Fig. 1c shows a cross-sectional bright-field TEM image of BFO/NSTO heterostructure along the NSTO [100] direction. The interface between the film and the substrate is reasonably sharp and flat, as marked by a pair of arrows. Fig. 1d is an electron diffraction pattern (EDP) taken from the area includes of both BFO film and NSTO substrate. Two basis vectors of the substrate are indicated by two big black arrows. The split of the diffraction spots is observable along the growth direction due to the lattice mismatch between the BFO film and NSTO substrate, as indicated by two small arrows. High order diffraction spots, for example 02̄1, are split into two spots 02̄1_S (from substrate) and 02̄1_F (from film), therefore, the pseudo cubic lattice parameters of the film c_F is longer than that of the substrates c_S. The pseudo cubic lattice parameters of the BFO film are a_F = b_F = 0.3905 nm and c_F ≈ 0.4054 nm, which refers to the lattice parameter of the substrate 0.3905 nm. Fig. 1e and f show the in-plane and out of plane PFM images at the same area, which indicated partial ferroelectric domain structures of BFO(15 nm)/NSTO(001) heterostructure. It is also noticed that the contrast of domain structures is small and these domains cannot be switched by applying ±10 V by PFM tip, which might possibly due to the very thin BFO films and relatively large leakage.

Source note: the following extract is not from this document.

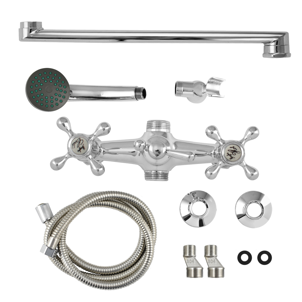 Смеситель хромированный, в ванную / душевую комнату с длинным плоским изливом. Материал изготовления — ЦАМ (цинк-алюминий-медь) + нержавеющая сталь. Кранбуксы металлокерамика 1/2, ручки крест, поворот на 90˚. Дутый, большой корпус с шаровым переключением подачи воды, аэратор для экономии воды, подставка - "рога" для лейки, чашки, гайки и эксцентрики из нержавеющей стали. Габаритные размеры: ширина 150 мм, высота 140 мм, длина излива 300 мм, диаметр чашки 60 мм, длина шланга 150 см, лейка d = 65 мм. Вес - 1,400 кг, объём - 0,00529 м3. В комплекте корпус с изливом, паспорт, крепёж, прокладки, лейка, шланг.
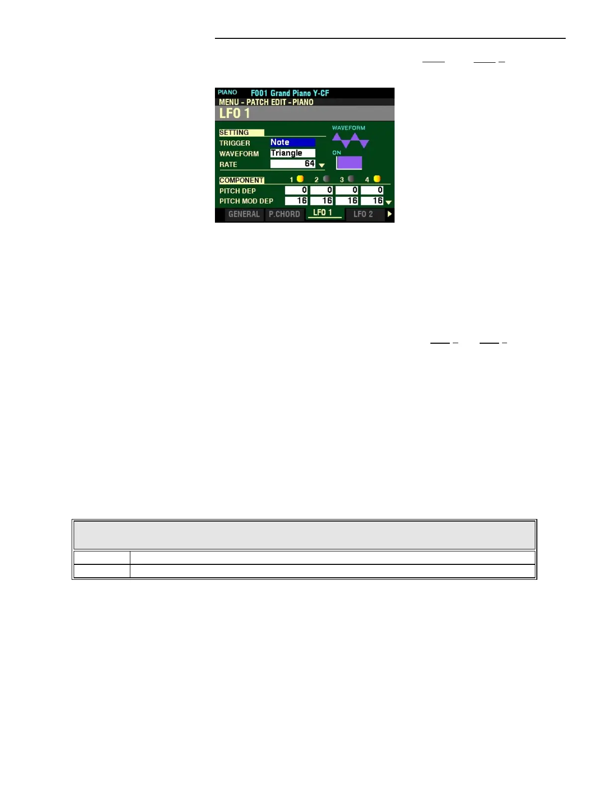 Note The LFO of each note oscillates individually. Each LFO will start its cycle when a key is depressed.

Fig. 2a shows the typical I–V curves of an Au/BFO/NSTO(001) structure. When the positive voltage is applied on the top (Au) electrodes, as is shown in the inset of Fig. 2a, it defines as positive bias. A current compliance 0.1 μA is applied to prevent permanent dielectric breakdown of the junction. The sweeping voltage was scanned along 1 → 2 → 3 → 4 → 1, as is denoted in Fig. 2a. Hysteretic RS behavior is observed without any electroforming process in advance. The resistance state, the high resistance state (HRS) or the low resistance state (LRS), depends on the polarity of sweeping fields, which indicates a bipolar RS. In a cycle of voltage sweeping 0 → 2 V → 0 → −6 V → 0, it corresponds to the variation of resistance states 1(HRS) → 2(LRS) → 3(LRS) → 4(HRS). Unlike filamentary-type switching in thick polycrystalline BFO by Shuai et al.¹⁹ and Chen et al.,²⁰ the resistance switching between LRS and HRS is gradual rather than abrupt. An obvious diode-like rectifying I–V characteristic is observed at either HRS (4 and 1) or LRS (2 and 3). The rectifying ratio is about 10⁴ measuring at ±1.5 V, which is comparable to previously reported values on junctions with thick BFO barriers.^18,29 The resistance evolution are checked and read at 1 V in each dc sweep cycle, and the magnitudes of HRS and LRS are 10 MΩ and 0.1 MΩ, respectively. No significant degradation of the resistance ratio of HRS/LRS is found within measured cycles, as is shown in Fig. 2b. We also checked more than 30 Au/BFO/NSTO capacitors, and their RS behaviors performed similarly.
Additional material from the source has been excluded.